Он уже прошёл вёрст семь, когда перед ним раскинулся широкий ставок, а над ставком — большое село Вишнёвое. Всё село издали казалось огромным вишнёвым садом, за деревьями почти не видно было хат; только острая верхушка церковной колокольни с большим крестом на конце да деревянные кресты расположенного в отдалении кладбища свидетельствовали о том, что здесь живут и умирают люди. Омелько отправился к ставку попить воды, потому что у него после сухарей першило в горле. На берегу ставка с коромыслом на плечах стояла девка, в которой Омелько, несмотря на то, что видел только её затылок, узнал свою землячку — Одарку. Одарка стояла лицом к ставку, с подтыканной юбкой и полунагнувшись к воде; Омелько имел полную возможность незаметно подкрасться к ней. Он тихонько подошёл к ней и изрядно хватил её ладонью по спине. Это, по его мнению, была самая изысканная форма приветствия. Одарка взвизгнула.

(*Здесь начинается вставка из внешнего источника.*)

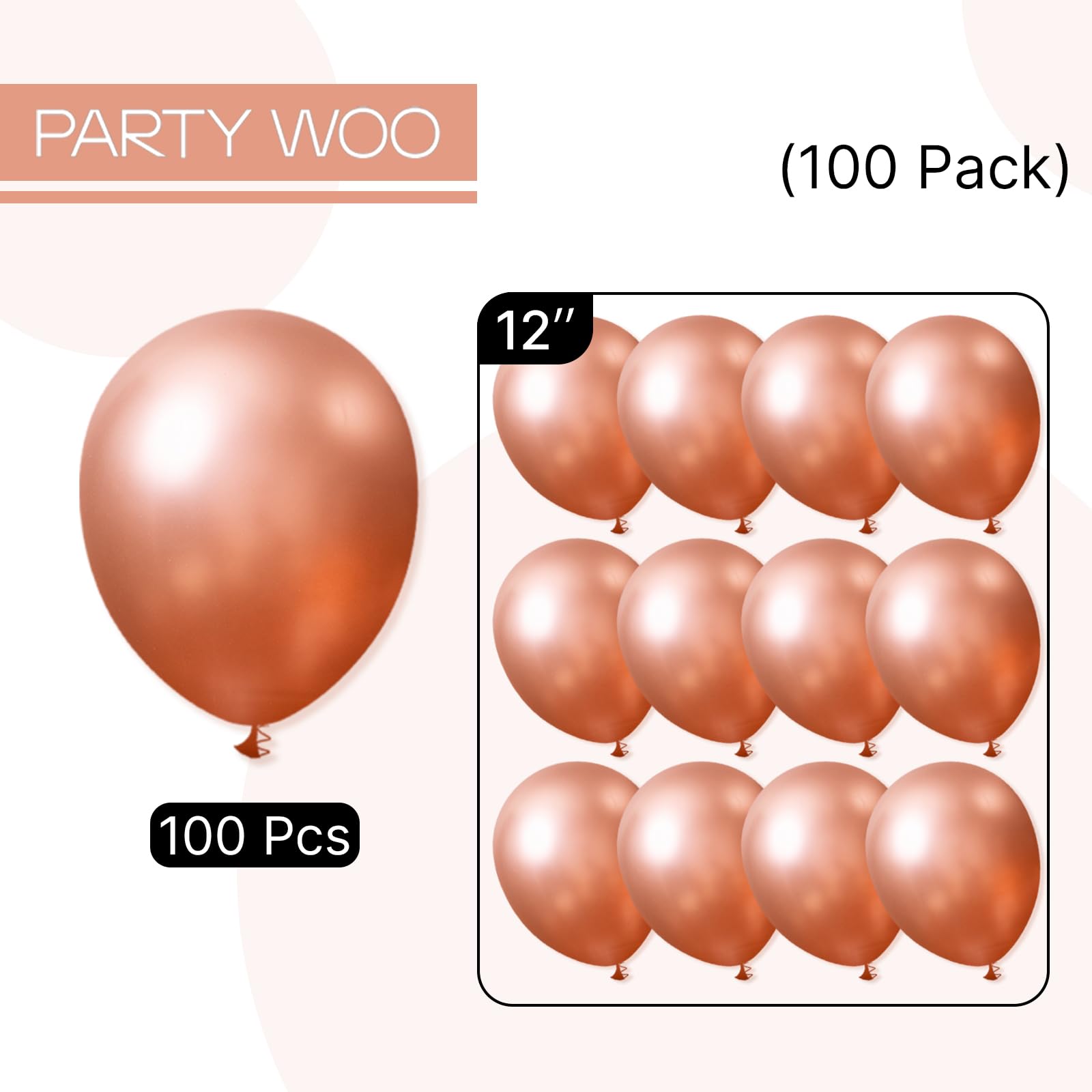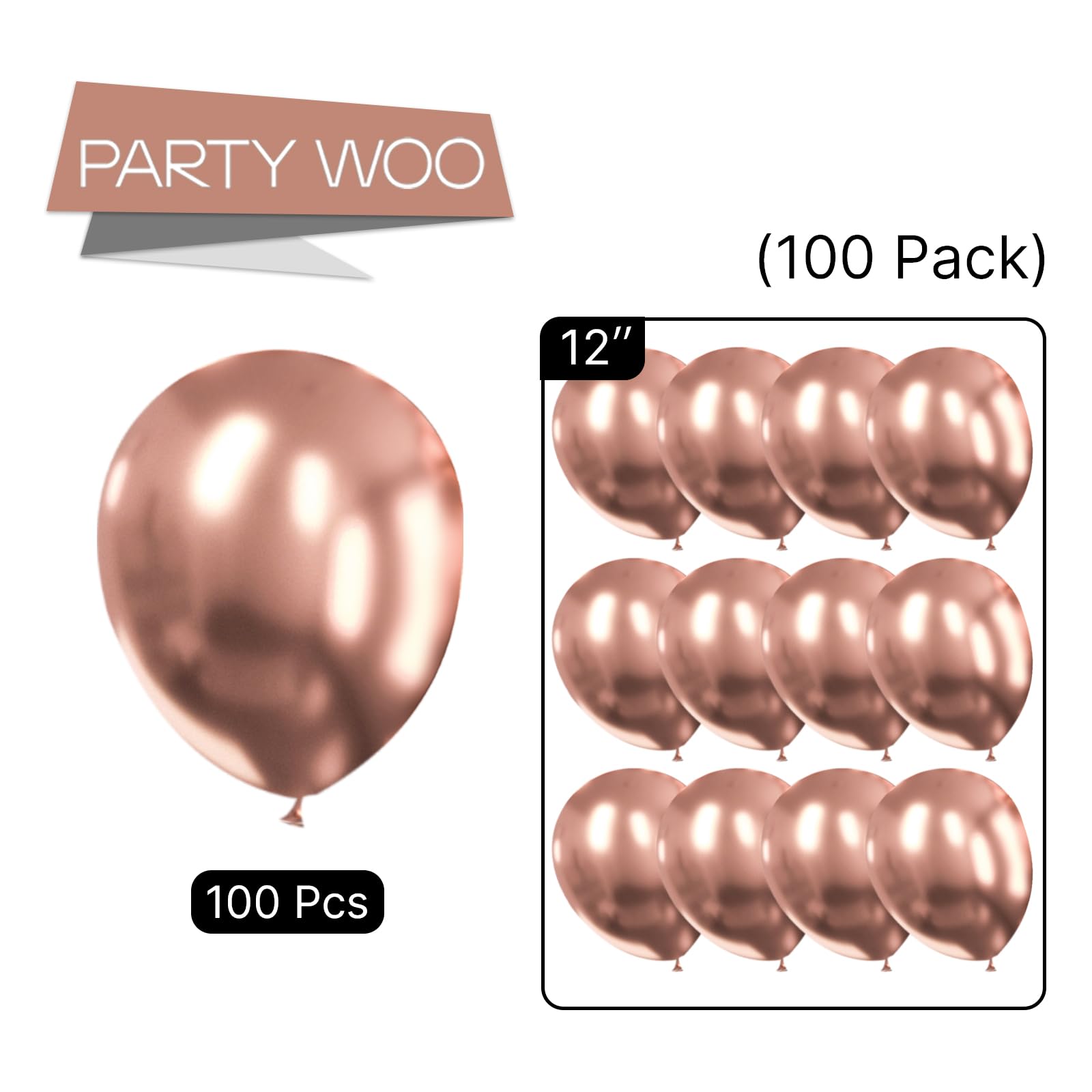 Package includes: 12 inch rose gold balloons (100pcs), in a solid consistent color that brings vibrant energy, can widely used in birthday decorations, wedding decorations, baby shower decorations, and adding a vibrant touch to make your party bright.
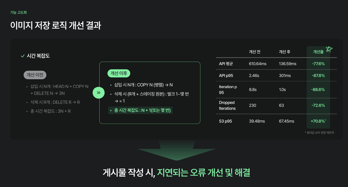 그 결과, 전체 시간 복잡도가 기존 3N+R에서 N+1로 단순화되었으며, API 평균 응답 속도가 약 77.6% 향상되었습니다. 이후 사용자들의 체감 속도가 눈에 띄게 개선되었고, 트래픽 피크 상황에서도 안정적인 서비스 운영이 가능해졌습니다.
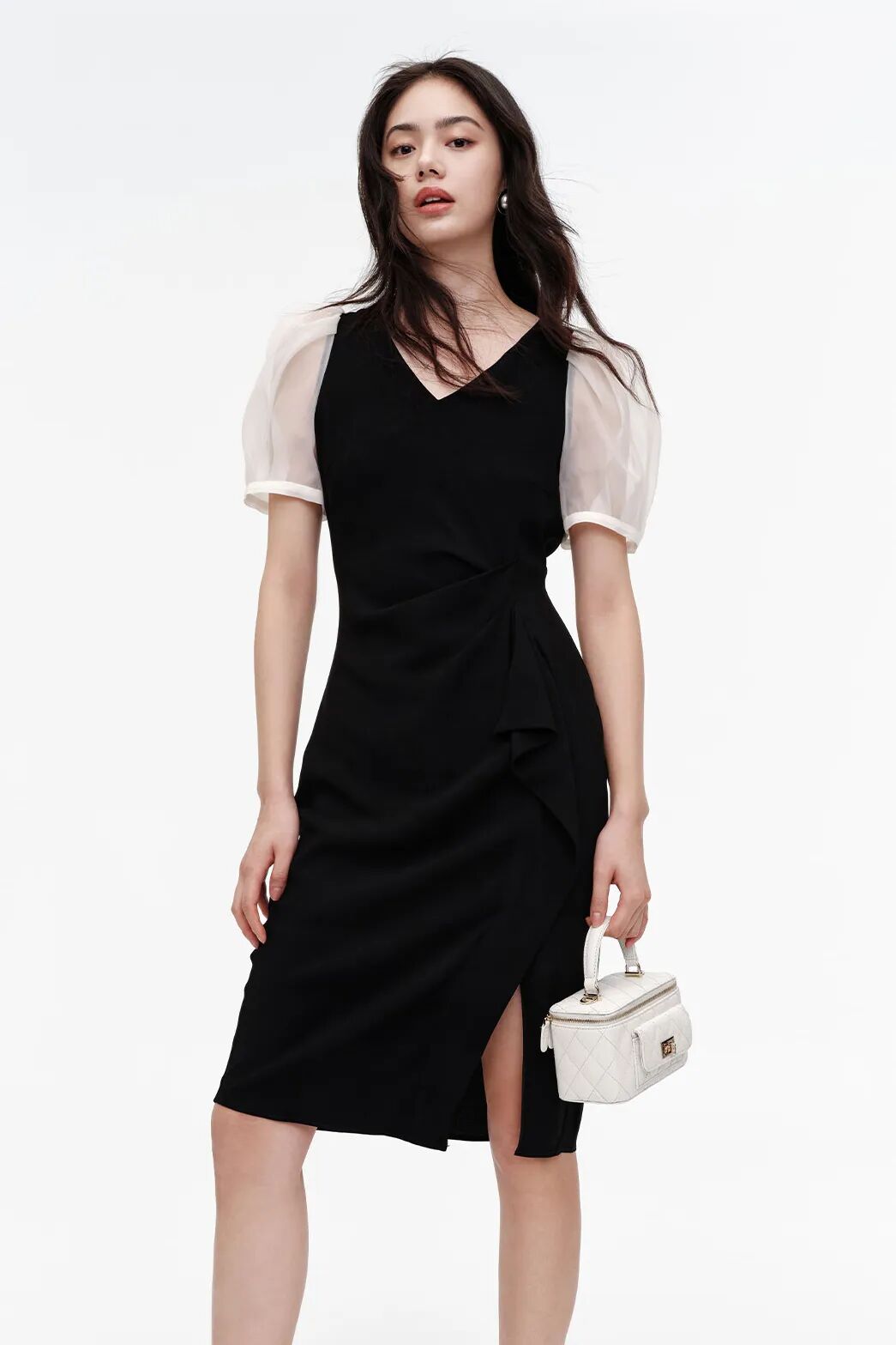 ▲欧根纱拼接抽褶连衣裙¥899,折后价¥764.1
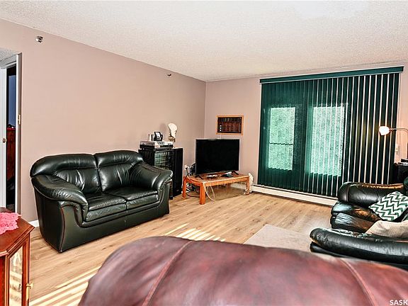 Bright and inviting 2 bedroom , 1 bath condo 850 sq feet on TOP Floor (11th ) , featuring s stunning south facing balcony City Skyline view. This well maintained unit offers numerous updates such as modern 4-piece bath, bedroom windows, padio doors, laminate flooring in living room and recent quality carpet in bedrooms. The spacious primary bedroom includes a walk in closet, and the convenience of in suite laundry adds to home appeal. Located just minutes from downtown, the river, and the university, this condo offers exceptional walkability and easy transit , shopping and amenities . A perfect opportunity for 1st time buyers, students, or anyone seeking low - maintenance urban living, Appliances included, underground rental parking & surface subject to avialability
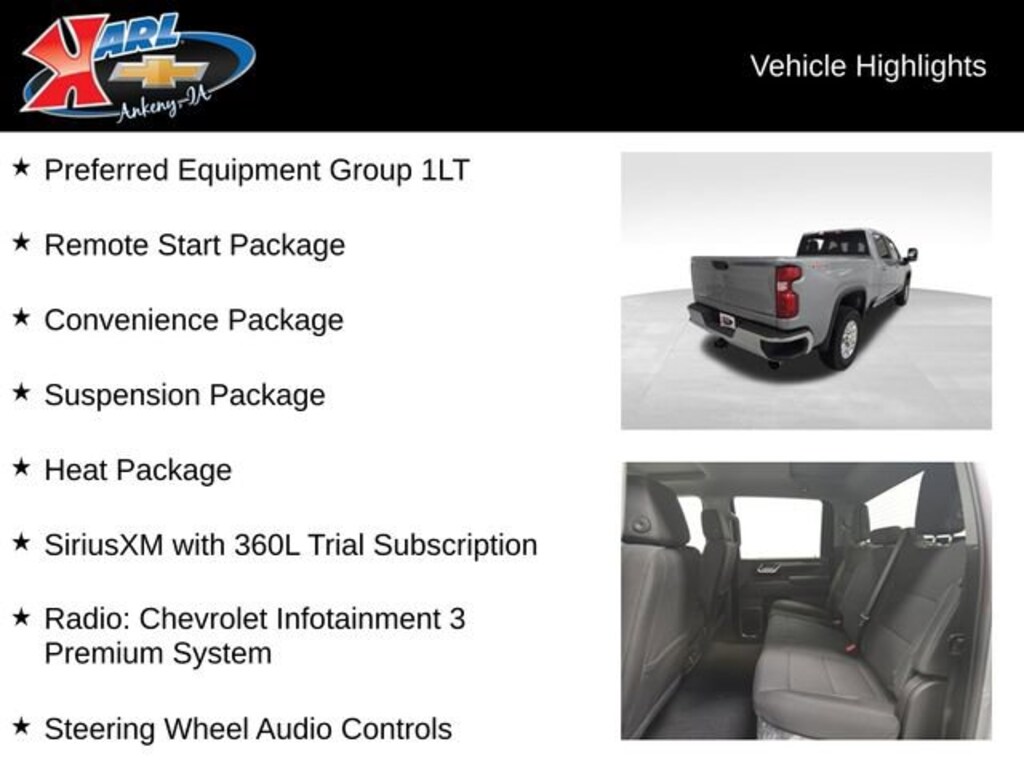 At Karl Chevrolet, we want to help you find the best new or used car in Ankeny that suits your needs. When you buy a new car at Karl Chevrolet, you know you're finding a vehicle you can rely on. We have a great selection of Platinum Quality Pre-Owned Vehicles. We also pride ourselves in creating a friendly atmosphere and a reliable Dealership that you can trust. Call us and our experts will be glad to help you! (515) 299-4300. *Equipment and options are generated by a 3rd party vendor, exact vehicle options may vary. Please see a salesperson for complete details and vehicle information. Price includes: $500 - Chevrolet Consumer Cash Program. Exp. 03/31/2026
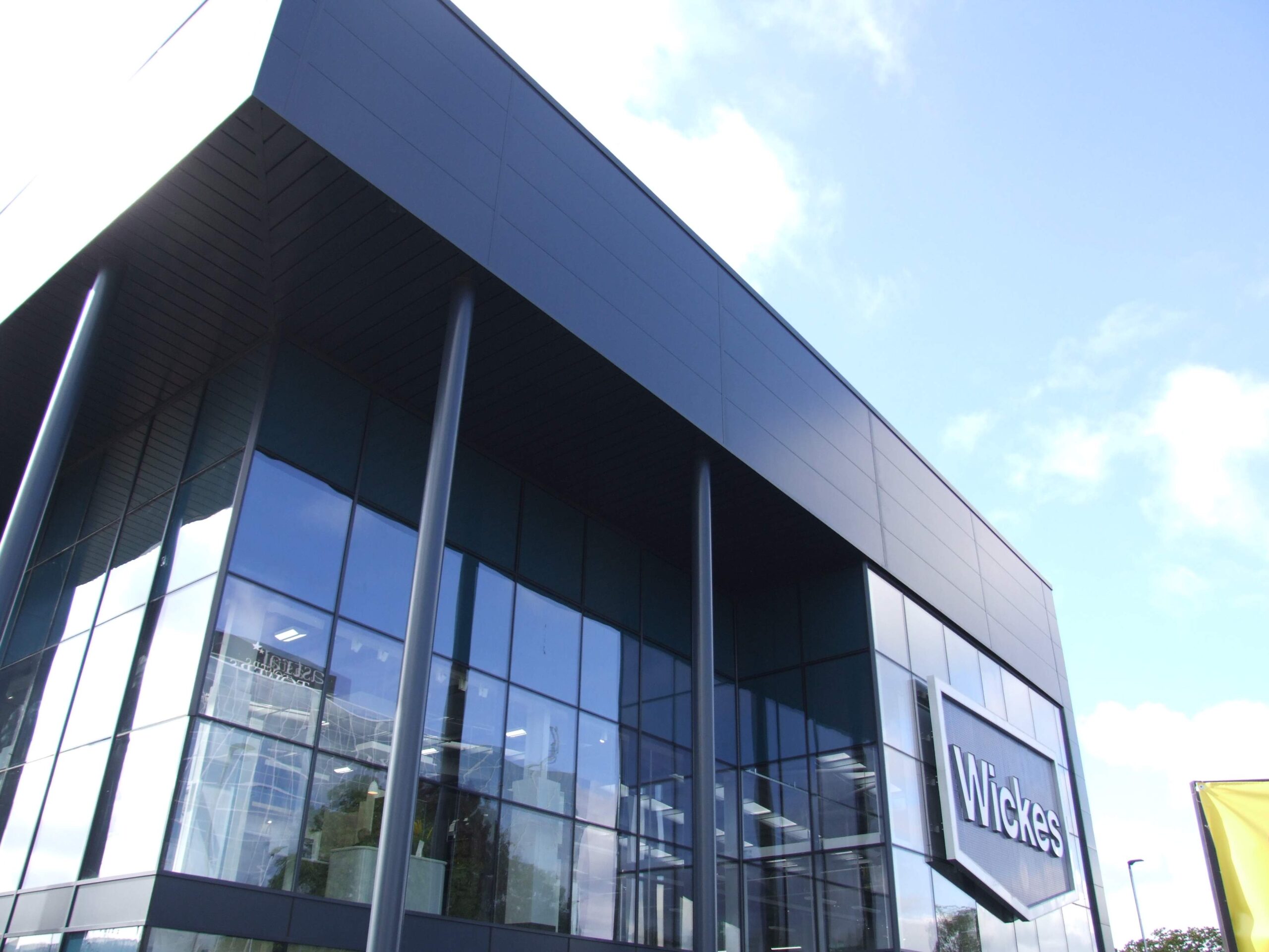 Works comprised of the construction of a new flagship outlet for Wickes, located in the heart of the retail sector in Crawley. With its modern glazed façade and unique architectural parapets the style of the branch was a first for Wickes and required value engineering to bring the scheme within the clients budget.
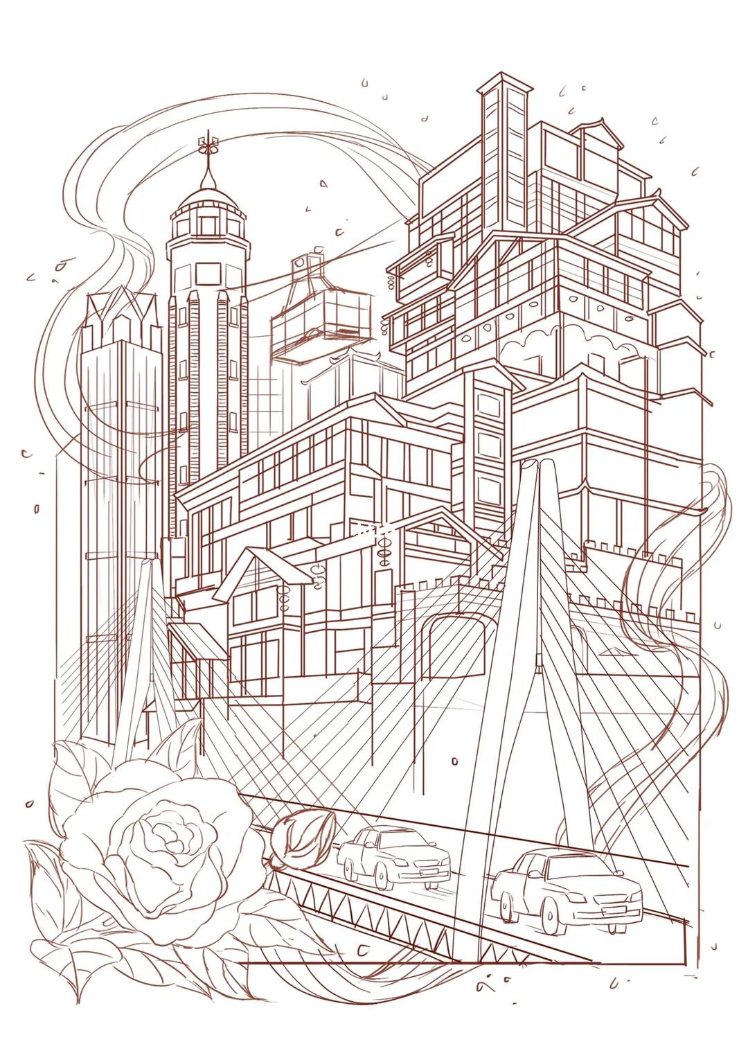 线描简笔画-城市
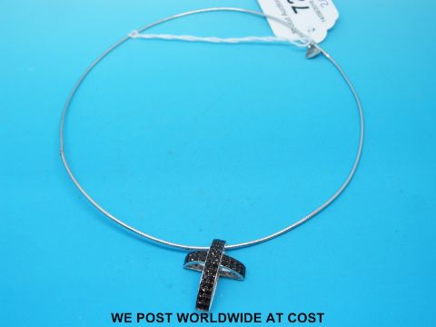 An 18ct white gold necklace with an 18ct white gold pendant set with black diamonds in a cross by Stephen Webster

— Скаженный[8]!.. Омелько! — вскрикнула она, обернувшись. — Откуда это тебя чёрт принёс?

После этого вопроса было ясно, что Одарка очень обрадовалась Омельке. Это как нельзя лучше выражало её ясное, здоровое и красное как пучок молодой калины лицо.

— Меня-то? А ты спроси его, этого самого чёрта, зачем он меня по земле носит? Табун пас, да видишь, бросил. Вот и всё. Нет, ты скажи лучше, какая нечистая сила тебя принесла сюда с хуторов!?.

— А видишь, я думала, что ты там зимовать будешь, вот и ушла оттуда, чтоб не видеть твоей корявой рожи! Ха, ха, ха, ха!..

Понимать это следовало так, что Одарка находит Омельку довольно красивым парнем и в этом смысле сказала ему комплимент. Разумеется, Омелько не мог остаться в долгу, поэтому немедленно ответил:

— Напрасно, девка, опасалась! Разве не знаешь, что я, как повстречаю твою свиную морду, всегда отворачиваюсь… Хо, хо, хо-о! А скажи-ка, Одарка, что моя сестра — Оксана поделывает?..

— Оксана?.. Гм!.. Я что-то давно не видала её! Она служит у пана управляющего да что-то уже недели с две не показывается!.. А ты сходи, проведай; может, заболела!?

— Да затем и пришёл!..

И Омелько, нагнувшись, стал черпать воду своей соломенной шляпой. Одарка, разумеется, воспользовалась случаем толкнуть его так, что он едва не полетел в ставок.

— Оглашённая!!! — крикнул ей Омелько. — А знаешь, Одарка, когда бы мне давали тысячу рублей, то я, ей-Богу, не женился бы на такой ведьме как ты!..

Это с его стороны было косвенное предложение вступить с ним в законное сожительство.

— А ты думаешь, я пошла бы за такого чертополоха? Ха, ха! Да если б мне пообещали, что я царицей сделаюсь, а, ей-Богу же, и тогда поднесла бы тебе гарбуз[9]!..

После этого Омелько мог уже не сомневаться, что предложение его будет принято.

— Желал бы я видеть того дурака, которого чёрт окрутит с тобой!..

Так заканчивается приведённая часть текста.